# Directions
Please transcribe the listing below in full, exactly as written, leaving out its pictures.

# Data to use
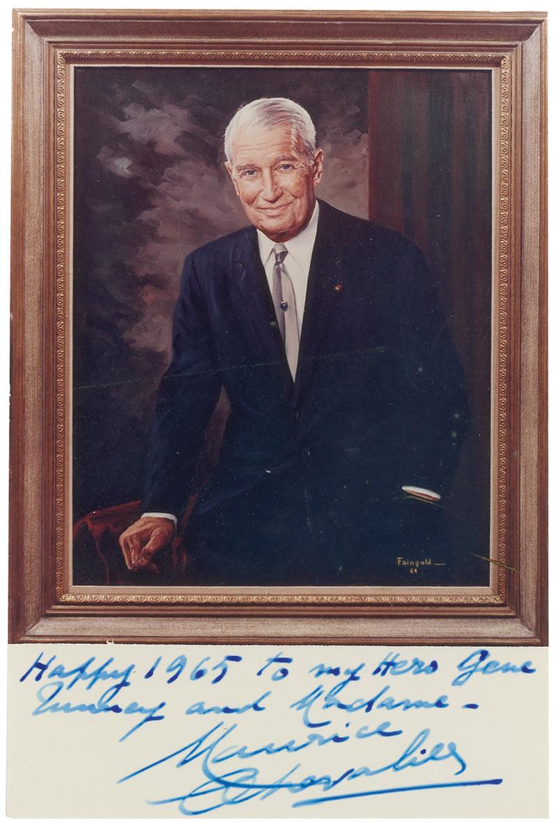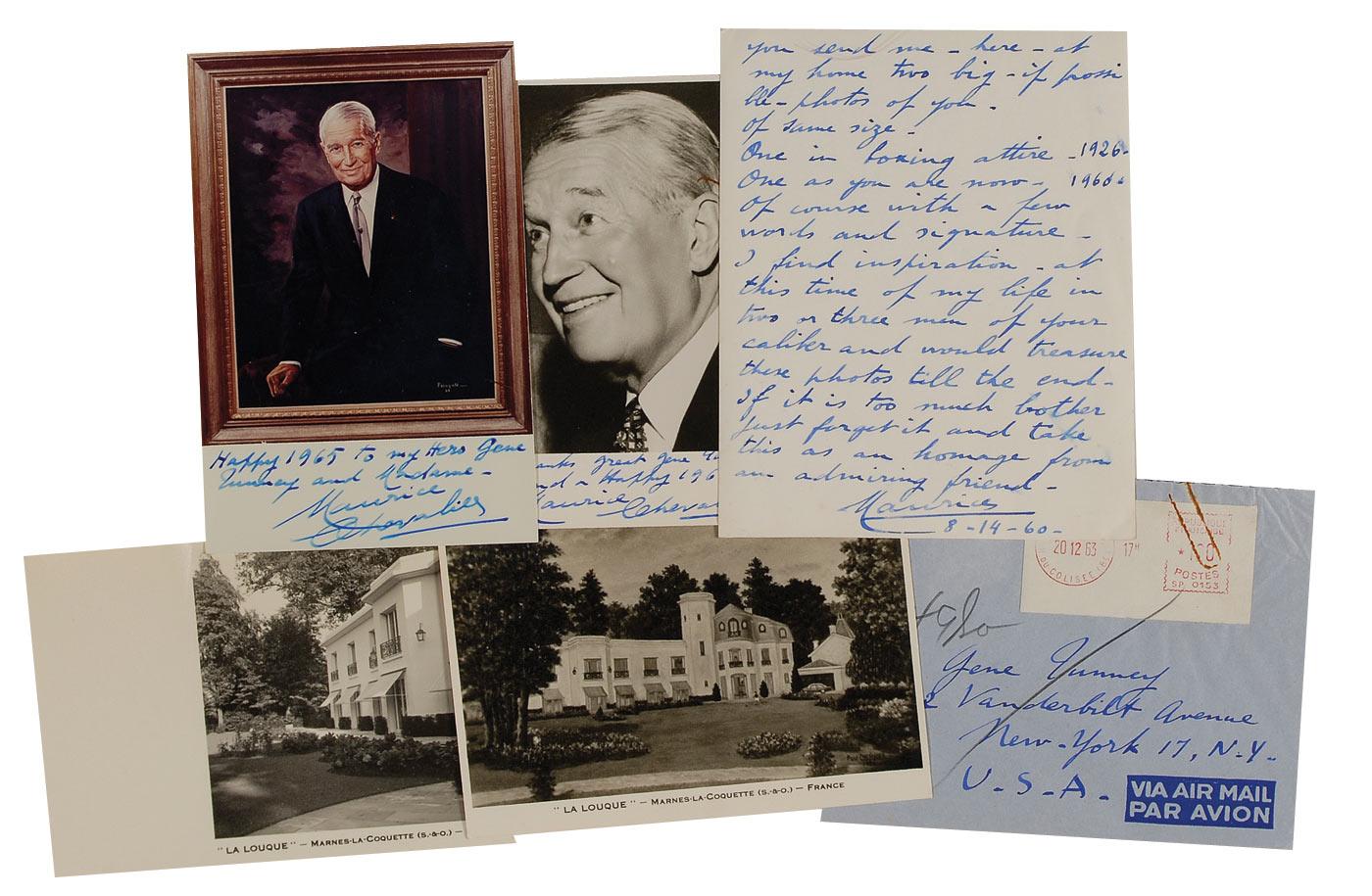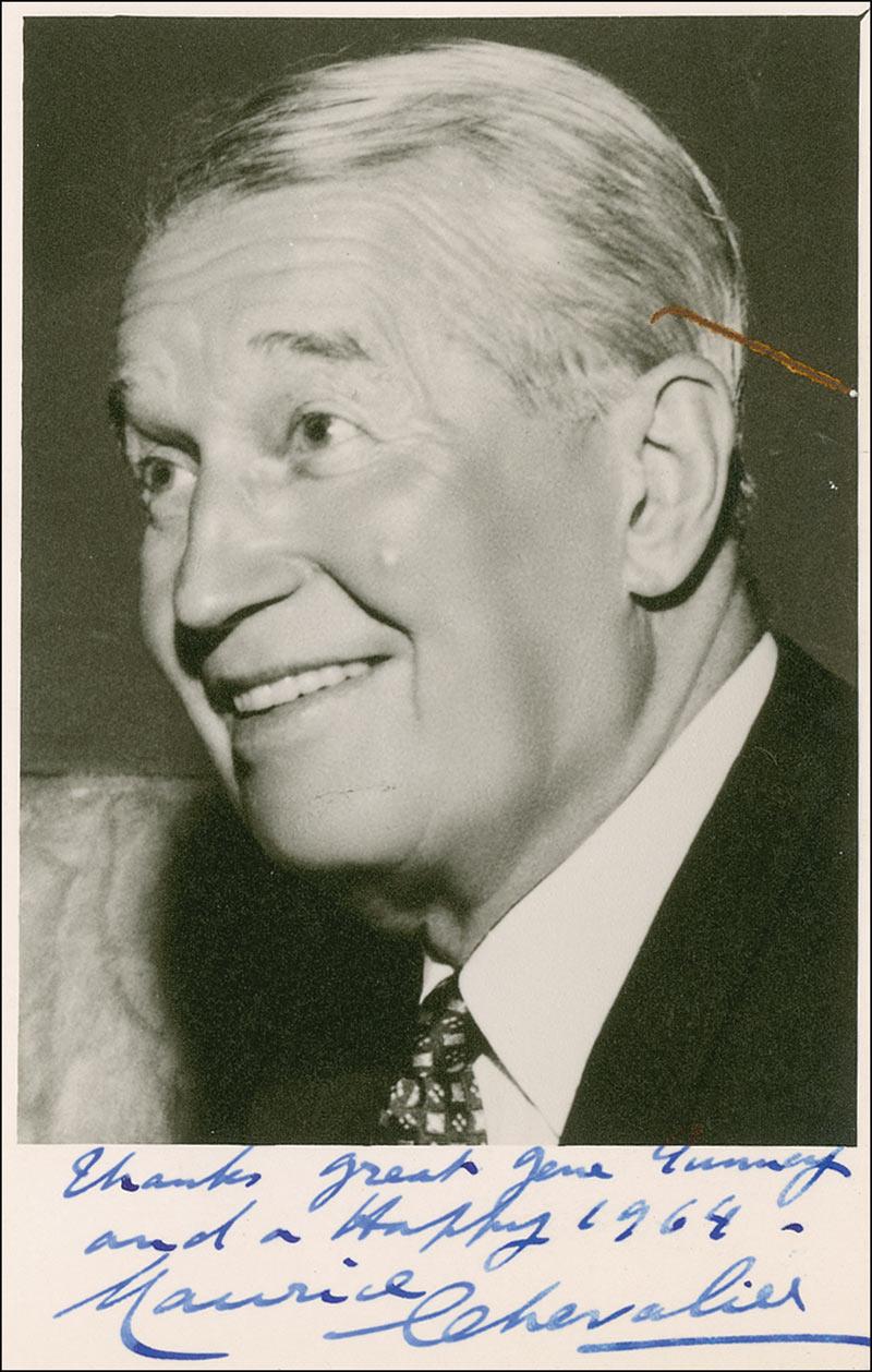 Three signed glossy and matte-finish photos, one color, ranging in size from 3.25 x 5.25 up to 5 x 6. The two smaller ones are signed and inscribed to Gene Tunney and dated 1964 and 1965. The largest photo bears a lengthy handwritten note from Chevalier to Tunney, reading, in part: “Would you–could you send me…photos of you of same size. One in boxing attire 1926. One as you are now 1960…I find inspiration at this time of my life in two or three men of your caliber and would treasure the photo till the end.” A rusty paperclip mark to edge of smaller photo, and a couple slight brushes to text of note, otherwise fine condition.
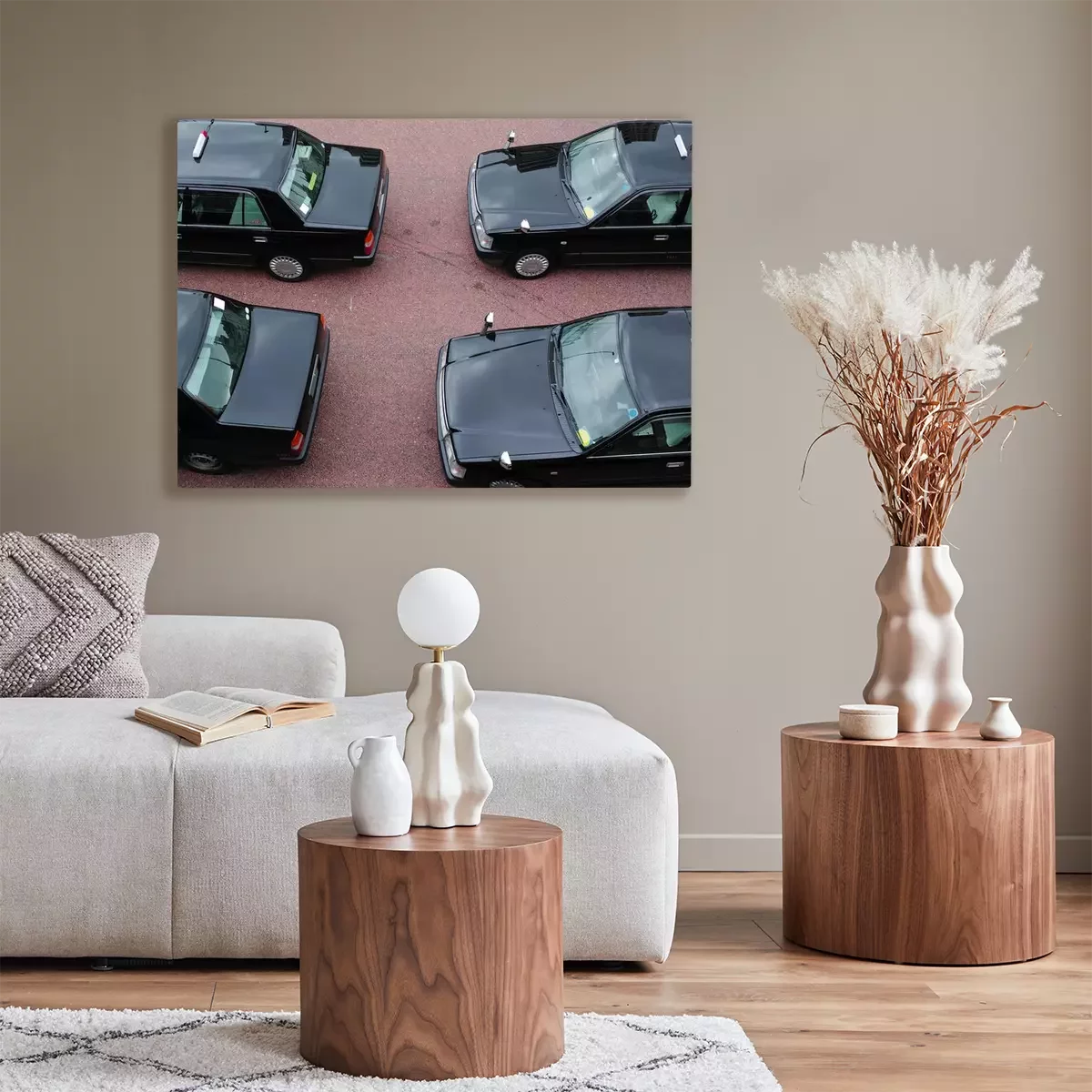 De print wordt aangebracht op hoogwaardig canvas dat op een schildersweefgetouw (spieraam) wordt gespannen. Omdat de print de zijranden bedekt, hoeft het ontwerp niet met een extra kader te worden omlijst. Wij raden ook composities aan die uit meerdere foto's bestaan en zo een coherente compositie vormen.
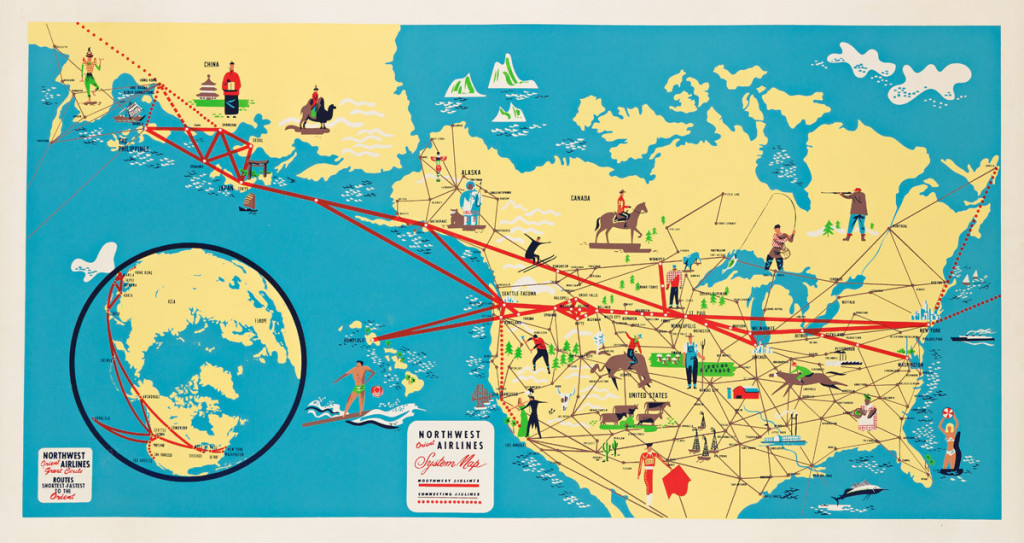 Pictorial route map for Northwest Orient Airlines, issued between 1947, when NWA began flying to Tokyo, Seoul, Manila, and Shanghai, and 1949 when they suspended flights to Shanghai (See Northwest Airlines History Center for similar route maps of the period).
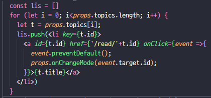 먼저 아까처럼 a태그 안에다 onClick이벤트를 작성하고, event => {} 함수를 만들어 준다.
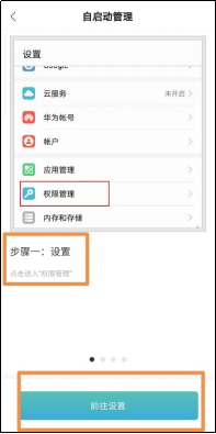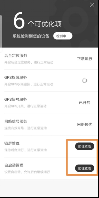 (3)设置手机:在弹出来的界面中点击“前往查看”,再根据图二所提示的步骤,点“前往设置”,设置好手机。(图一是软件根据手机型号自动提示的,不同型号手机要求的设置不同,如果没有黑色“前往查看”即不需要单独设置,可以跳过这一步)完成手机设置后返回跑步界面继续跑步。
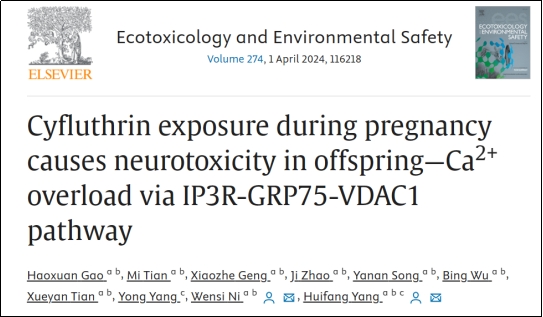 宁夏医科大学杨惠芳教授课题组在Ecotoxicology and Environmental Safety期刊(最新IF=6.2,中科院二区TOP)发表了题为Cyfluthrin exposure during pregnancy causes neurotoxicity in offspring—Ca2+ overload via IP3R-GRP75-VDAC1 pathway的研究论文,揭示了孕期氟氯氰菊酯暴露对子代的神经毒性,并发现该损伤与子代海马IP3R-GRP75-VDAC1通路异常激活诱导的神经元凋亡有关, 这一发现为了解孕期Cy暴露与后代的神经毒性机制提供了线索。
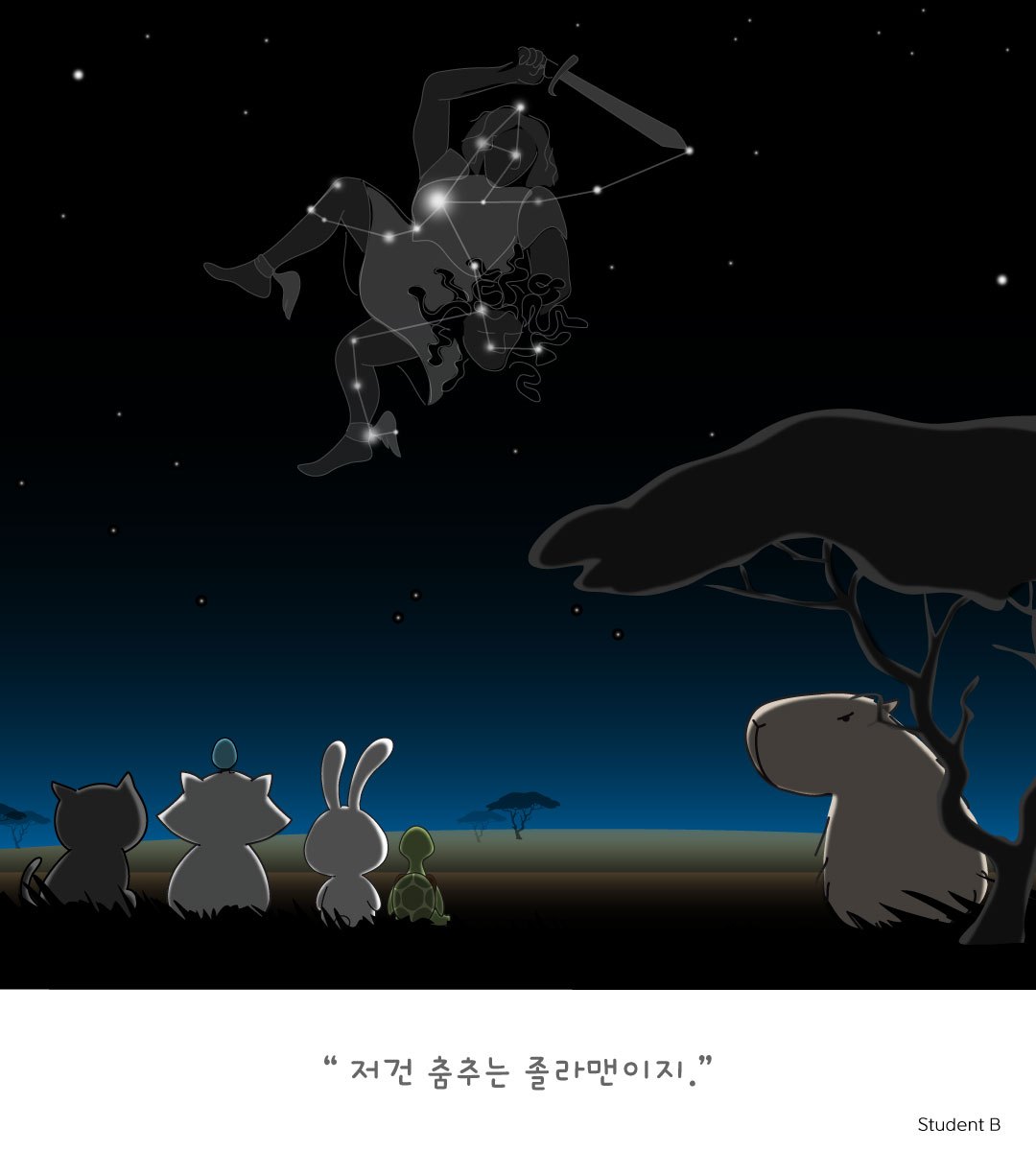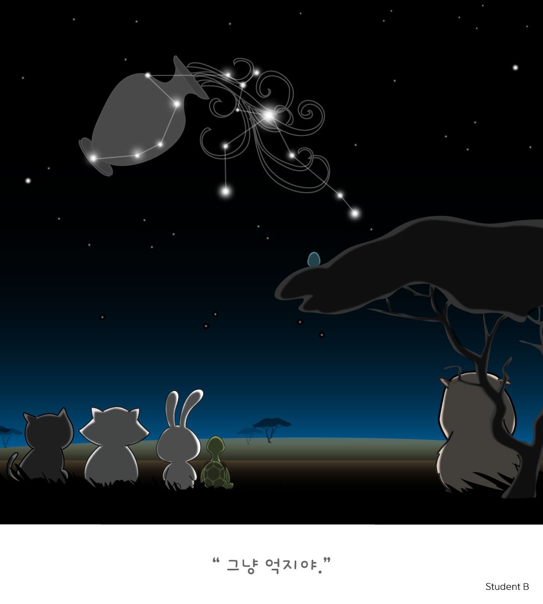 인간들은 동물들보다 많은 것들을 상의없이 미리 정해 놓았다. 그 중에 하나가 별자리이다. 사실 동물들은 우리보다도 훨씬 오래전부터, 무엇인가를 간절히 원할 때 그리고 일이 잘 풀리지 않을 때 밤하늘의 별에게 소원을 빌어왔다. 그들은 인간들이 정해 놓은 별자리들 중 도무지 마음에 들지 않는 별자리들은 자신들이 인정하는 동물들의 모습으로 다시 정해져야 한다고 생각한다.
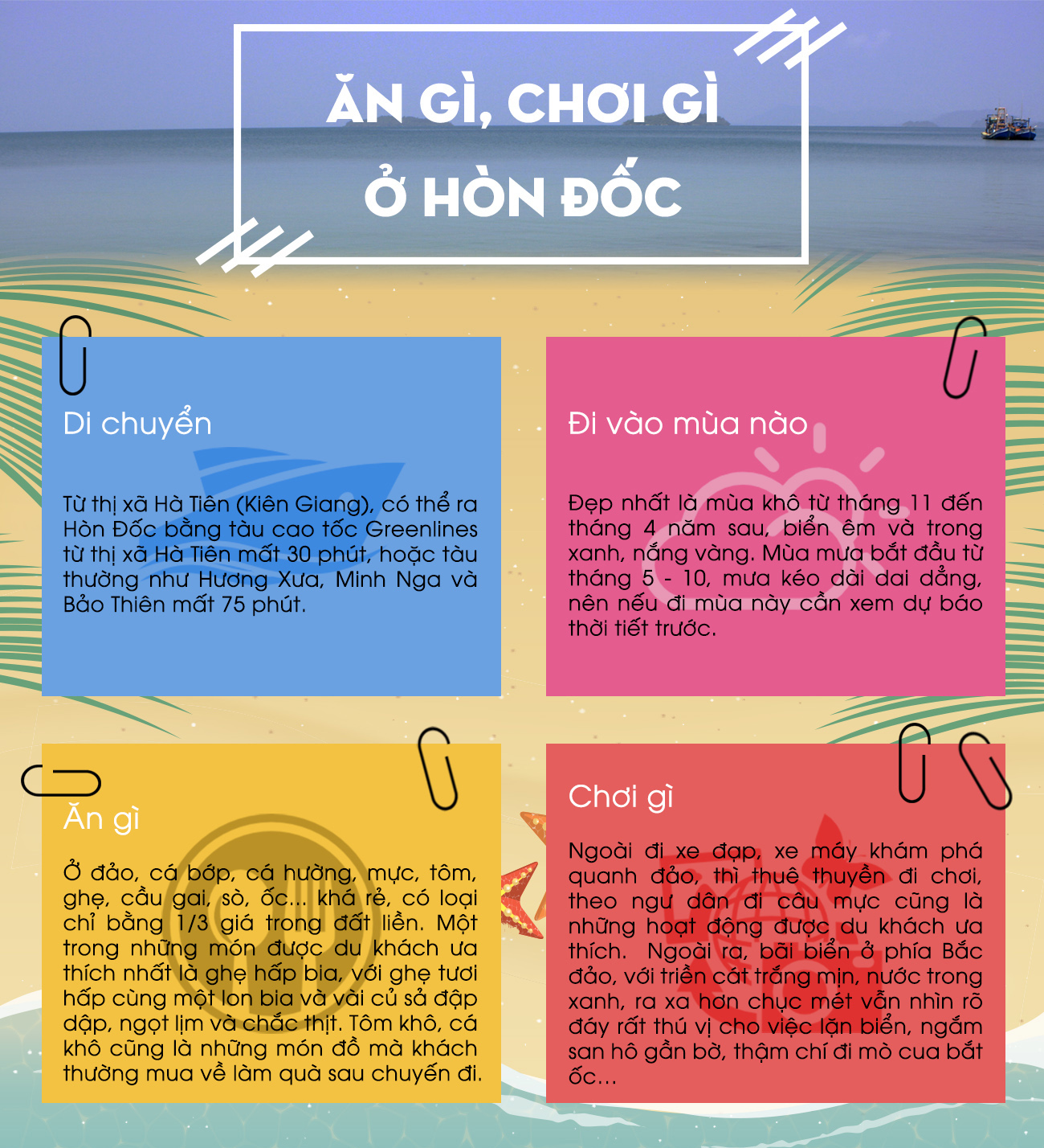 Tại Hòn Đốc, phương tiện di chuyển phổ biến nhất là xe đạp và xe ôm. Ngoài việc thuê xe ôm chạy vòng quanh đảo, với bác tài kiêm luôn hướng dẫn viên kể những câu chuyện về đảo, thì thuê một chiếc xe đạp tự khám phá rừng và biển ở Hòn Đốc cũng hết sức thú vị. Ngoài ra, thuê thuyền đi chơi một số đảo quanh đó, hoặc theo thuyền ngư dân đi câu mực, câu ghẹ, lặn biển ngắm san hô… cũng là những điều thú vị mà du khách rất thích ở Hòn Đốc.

# Answer area
 Three signed glossy and matte-finish photos, one color, ranging in size from 3.25 x 5.25 up to 5 x 6. The two smaller ones are signed and inscribed to Gene Tunney and dated 1964 and 1965. The largest photo bears a lengthy handwritten note from Chevalier to Tunney, reading, in part: “Would you–could you send me…photos of you of same size. One in boxing attire 1926. One as you are now 1960…I find inspiration at this time of my life in two or three men of your caliber and would treasure the photo till the end.” A rusty paperclip mark to edge of smaller photo, and a couple slight brushes to text of note, otherwise fine condition.
 De print wordt aangebracht op hoogwaardig canvas dat op een schildersweefgetouw (spieraam) wordt gespannen. Omdat de print de zijranden bedekt, hoeft het ontwerp niet met een extra kader te worden omlijst. Wij raden ook composities aan die uit meerdere foto's bestaan en zo een coherente compositie vormen.
 Pictorial route map for Northwest Orient Airlines, issued between 1947, when NWA began flying to Tokyo, Seoul, Manila, and Shanghai, and 1949 when they suspended flights to Shanghai (See Northwest Airlines History Center for similar route maps of the period).
 먼저 아까처럼 a태그 안에다 onClick이벤트를 작성하고, event => {} 함수를 만들어 준다.
 (3)设置手机:在弹出来的界面中点击“前往查看”,再根据图二所提示的步骤,点“前往设置”,设置好手机。(图一是软件根据手机型号自动提示的,不同型号手机要求的设置不同,如果没有黑色“前往查看”即不需要单独设置,可以跳过这一步)完成手机设置后返回跑步界面继续跑步。
 宁夏医科大学杨惠芳教授课题组在Ecotoxicology and Environmental Safety期刊(最新IF=6.2,中科院二区TOP)发表了题为Cyfluthrin exposure during pregnancy causes neurotoxicity in offspring—Ca2+ overload via IP3R-GRP75-VDAC1 pathway的研究论文,揭示了孕期氟氯氰菊酯暴露对子代的神经毒性,并发现该损伤与子代海马IP3R-GRP75-VDAC1通路异常激活诱导的神经元凋亡有关, 这一发现为了解孕期Cy暴露与后代的神经毒性机制提供了线索。
 인간들은 동물들보다 많은 것들을 상의없이 미리 정해 놓았다. 그 중에 하나가 별자리이다. 사실 동물들은 우리보다도 훨씬 오래전부터, 무엇인가를 간절히 원할 때 그리고 일이 잘 풀리지 않을 때 밤하늘의 별에게 소원을 빌어왔다. 그들은 인간들이 정해 놓은 별자리들 중 도무지 마음에 들지 않는 별자리들은 자신들이 인정하는 동물들의 모습으로 다시 정해져야 한다고 생각한다.
 Tại Hòn Đốc, phương tiện di chuyển phổ biến nhất là xe đạp và xe ôm. Ngoài việc thuê xe ôm chạy vòng quanh đảo, với bác tài kiêm luôn hướng dẫn viên kể những câu chuyện về đảo, thì thuê một chiếc xe đạp tự khám phá rừng và biển ở Hòn Đốc cũng hết sức thú vị. Ngoài ra, thuê thuyền đi chơi một số đảo quanh đó, hoặc theo thuyền ngư dân đi câu mực, câu ghẹ, lặn biển ngắm san hô… cũng là những điều thú vị mà du khách rất thích ở Hòn Đốc.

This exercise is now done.